Wed. May 23, 2018 9:00 AM - 10:30 AM A10 (Tokyo Bay Makuhari Hall)

convener:Mitsuyuki Hoshiba(Meteorological Research Institute), Satoshi Kawamoto(Geospatial Information Authority of Japan), Naotaka YAMAMOTO CHIKASADA(防災科学技術研究所, 共同), Masashi Ogiso(Meteorological Research Institute, Japan Meteorological Agency), Chairperson:Hoshiba Mitsuyuki(Meteorological Res. Inst., JMA, Japan), Kawamoto Satoshi(Geospatial Information Authority of Japan )

9:30 AM - 9:45 AM

[SCG65-03] Significantly large rotation and tilt motion of cabled seismic stations off Sanriku, northeastern Japan

*Takeshi Nakamura1, Naoki Hayashimoto2 (1.National Research Institute for Earth Science and Disaster Resilience, 2.Japan Meteorological Agency)

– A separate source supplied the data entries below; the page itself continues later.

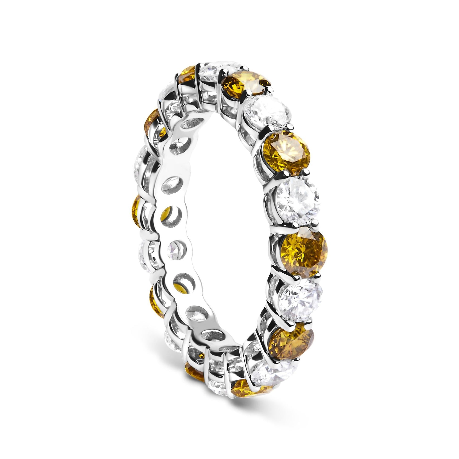 14K White Gold 3.00 Cttw Alternating White and Yellow Lab-Grown Diamond Eternity Band Ring (F-G Color, VS1-VS2 Clarity)
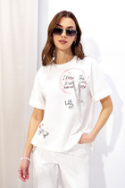 22.03 Vilatte Футболка с принтом свободная эластичная из премиального хлопка D4
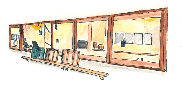 規則的に開いた四角い窓から、有田の海を見てもらうために
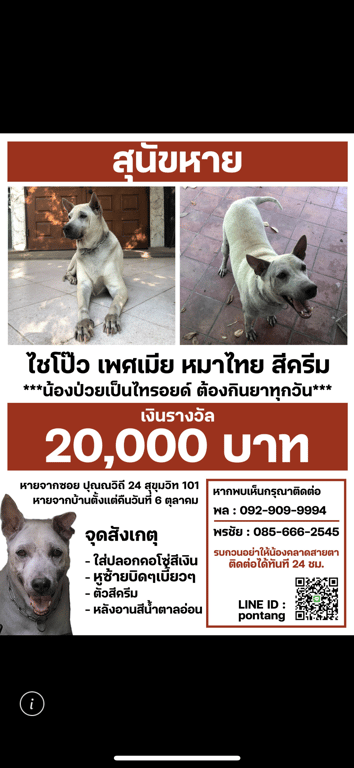 รอยตำหนิ: หูซ้ายหงิก หางเหมือนหางหนู
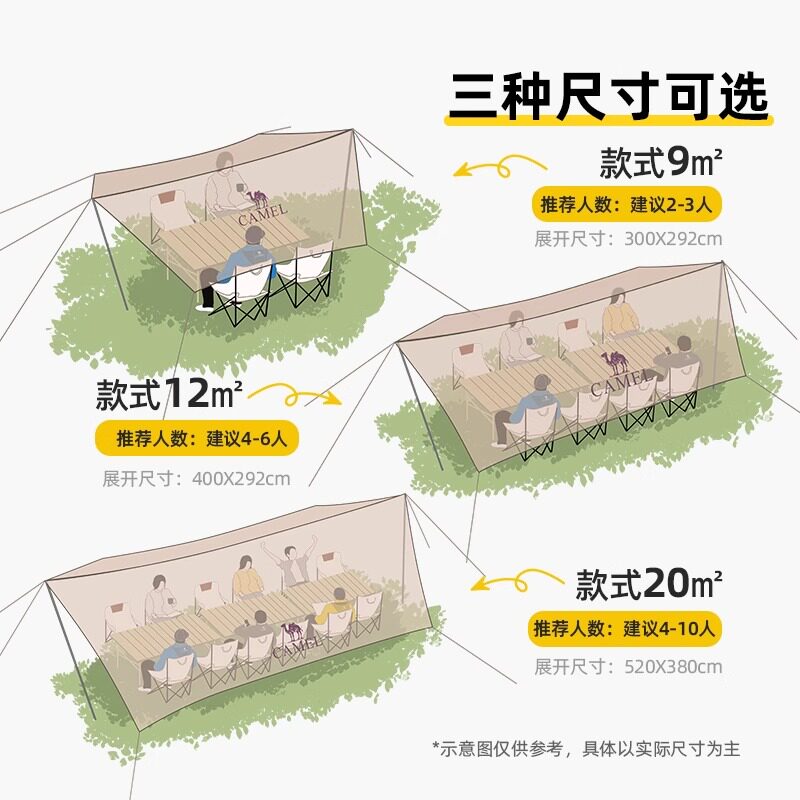 骆驼天幕户外大号黑胶露营帐篷野营野餐遮阳棚防雨防晒全套装备

Keywords:Earthquake Early Warning, ocean-bottom seismic observation, seismic amplification, acceleration offset

Deployments of cabled stations in ocean-bottom areas enhance the effectiveness of earthquake early warnings for suboceanic earthquakes in terms of early signal detections and improvements of accuracy for hypocenter analyses. We investigated strong-motion data for rapid magnitude estimations at cabled ocean-bottom stations deployed in the source area of the 2011 Tohoku earthquake (M9.0) in the northeastern Japan. We found DC offsets in accelerations due to movements of the cabled stations during strong motions. Our waveform analyses on the offset data showed that the stations are rotated and tilted in proportion to input motions. The analysis results also showed that the orientation angle around the cable direction is more affected by the motion at earthquakes than the angle along the direction, because of the cylindrical shaped station housing in the long cable. At the 2011 Tohoku earthquake (Mw 9.0), the cabled sensor is rotated up to 57.7° around the cable direction and tilted 1.4° along the cable. If we apply double integrations for such data, the large rotation causes anomalous displacement waveforms with significantly large amplitudes in the two components perpendicular to the cable direction, which would contribute to the overestimation of displacement magnitudes.
In this presentation, we show schemes of magnitude estimations that can suppress the anomalous amplifications by using the single component data along the cable or by squared root of sum of squares of three components at ocean-bottom stations. We compare the estimated magnitudes with those listed in a hypocenter catalog which is estimated by using land station data.